How can we see this? There are several proofs, but here's my favorite. Imagine that we shuffle a fresh-from-the-box deck of cards in the following careful manner. We place the first card, say the Ace of Spades, face down on the table. Then we take the second card, maybe the Deuce of Spades, and randomly place it over or under the ace. Now there are three possible slots for the Three of Spades; choose one at random, putting it on top of the current pile, under the current pile, or between the ace and deuce, each with probability 1/3.

We continue in this manner; the nth card is inserted in one of n possible slots, each with probability 1/n. The result eventually is a perfectly random permutation of the cards.

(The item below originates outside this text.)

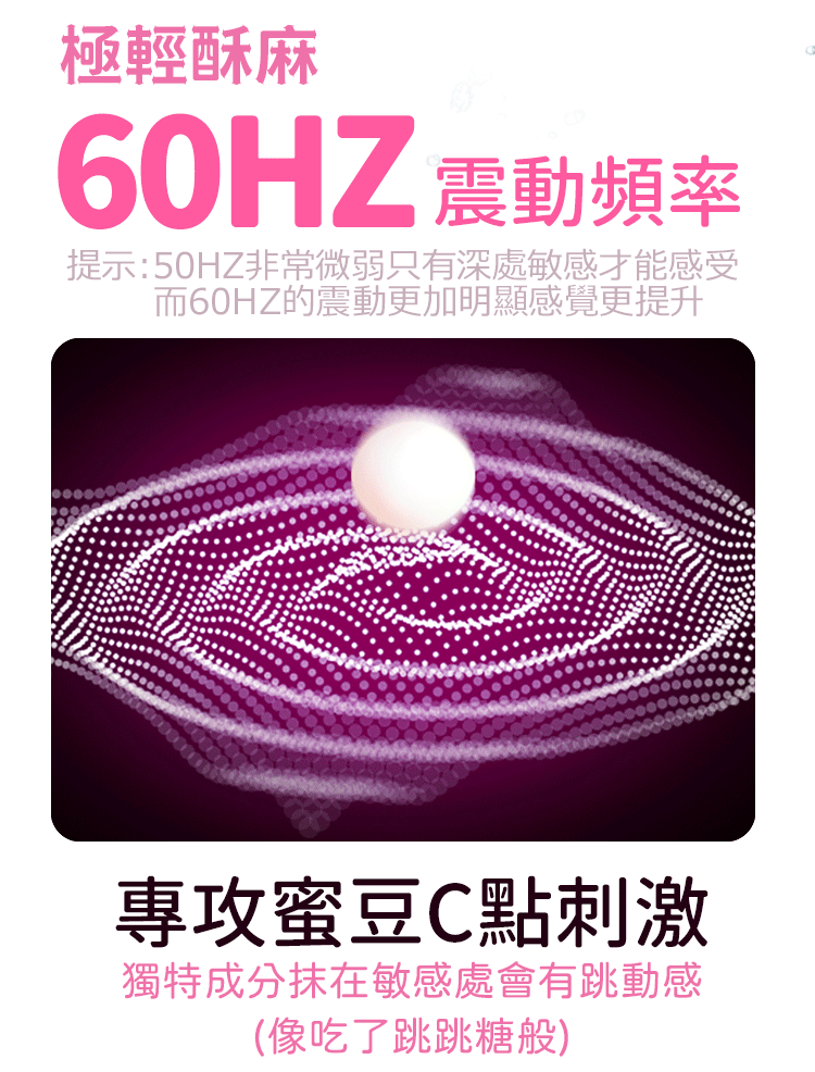 具有獨特震動感,類似跳跳糖帶給您跳動感覺,有助於女性自身分泌潤滑液。
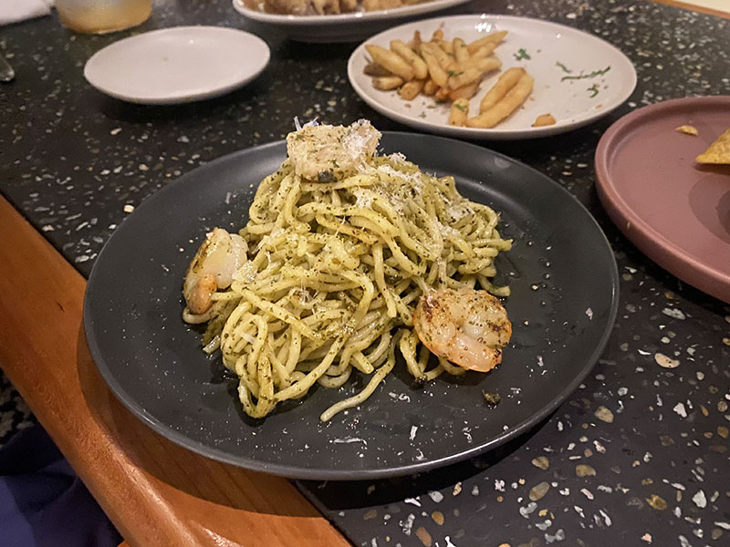 ぷりぷりのエビと香り豊かな大葉、そこにジェノベーゼソースが絡んだ一皿。パスタではおなじみのソースを焼きそばにアレンジしていて、驚きと美味しさが同時にやってきます。お酒とも相性抜群で、食べる手が止まりません。

Now think of the cards that go in above the Ace of Spades as the coins (not counting the first) that go into Urn A, and the ones that go under as coins going into Urn B. The magnetic rule above describes the process perfectly, because if there are currently x−1 cards above the Ace of Spades (thus x slots) and y−1 cards under the Ace of Spades (thus y slots), the probability that the next card goes above the Ace of Spades is x/(x+y).

Since, in the final shuffled deck, the Ace of Spades is equally likely to be in any position, the number of slots ending up above it is equally likely to be anything from 1 to the number of cards in our deck, which for our puzzle is 999,999.

[Probabilists call the mechanism of this puzzle the Polya urn, after the late George Polya, a Hungarian-born professor at Stanford who famously wrote about problem-solving in mathematics.]